I like to be a minimal presence in the rehearsal room. When it come to plays, you’re working in a collaborative medium so really the only functional approach for a writer (who has no interest in directing or acting) is to hand it over to the creative team and hope that the common understanding of the text’s scale and tone is close enough to your own that you don’t end up interrupting performances with “That’s not how you’re meant to say that line!”
How was the idea of Revolver born? 
I can’t really remember; I began the play five years ago. I wrote the female part for Charlene Craig, whom I’ve known since college, and whom I’m lucky enough to have play the part in the production. She swears that it was born from a suggestion I made in my old flat in London that we should do a play together but I have no recollection of that conversation. Her memory is better than mine though and it does make for a better story.
I do remember returning to the premise in my head because it offered a sustainable way to dramatise a pretty-difficult-to-dramatise aspect of human behaviour: the way the content of our opinions are overwhelmingly contingent not on the truth but on the perceived benefit it’ll bring us in whatever social set-up we assign most value. If you want to write a play about envy, you can write envious characters; if you want to write a play about malice, you can write a play about people who post Game of Thrones spoilers on Facebook; but if you want to write a play about people whose sense of self is ever-shifting, it’s hard to write credibly. People don’t speak about that and people aren’t conscious of it. But if characters can reset their encounters, you can have them passionately assume a position on a topic in one scene and then passionately assume the opposite position in the next. So, it’s a neat way of minimising the friction between the play’s character work and the play’s dramatic momentum and a neat way of having you question the reliability of the accounts the characters offer of themselves.
What was the biggest challenge while writing Revolver? 
The biggest challenge was creating dramatic tension when the characters are resetting the plot every five minutes. The temptation to have the play be a shapeless, discontinuous mass was high. But after a while, you spot ways to construct the story so you’re taking advantage of the structure. There were opportunities to create intrigue around the premise, to play with the differing levels of knowledge between the characters and the audience, to give the action urgency because it could be undone at any moment, and the writing was about finding those.
The editing was a nightmare though. The first version was significantly way too long and any time you wanted to make a cut, it meant looking at the entirety of the play: you’d remove some insignificant moment from scene 2 and then remember it was necessary for setting up a big moment in scene 8. That happened a lot.
What makes Revolver different from other plays? 
It’s science fiction. There are plays with science fiction premises but they’re usually called ‘absurdist’ or ‘playful’; this is unambiguously a piece of ‘science fiction’ about a technological advance and its consequences.
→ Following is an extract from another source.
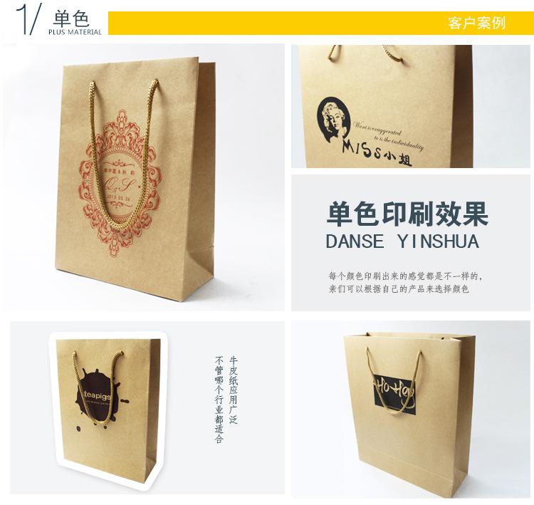 此款纸袋为现货款,无任何广告印刷,直接拍下,可即时发货。如客户须要加印广告,500个起可以单色双面加印,1000个起可以定做尺寸印刷,印刷需要按客户要求报价,具体价格请咨询客服!(纸袋加印广告可以选择胶印、丝印、烫金等工艺。欢迎新老客户来店咨询)

It’s also a romantic comedy. Like everybody, I’m a big fan of the ‘Before Sunset’ movies: they’re wistful and charming but most importantly, I think, they follow the humps and hollows of real conversations. They strike this cadence that you’re at ease with at once and that was something I wanted to recreate, in parts, here. So, it’s a sci-fi rom-com and I don’t know any other plays, really, that are that.
What would you identify as the main message of the play? What do you want people to be thinking/feeling when they leave the theatre? 
The main message is “Our sense of self is a shaky thing and we’ll turn to anything, including kamikaze romantic relationships, to stave that notion off” but I hope that emerges from the drama rather than sits atop it. I really don’t like didactic drama. I’d hope, as hopelessly bourgeois as it is to say it, that people have a good time. It’s a comedy so I hope they laugh. It’s got revelations so I hope they gasp. And for all their flaws, the play’s two characters are motivated by desperation more than anything so I hope there’s sympathy for them. Mostly, I want people to come out feeling like it was 65 minutes of their life well spent.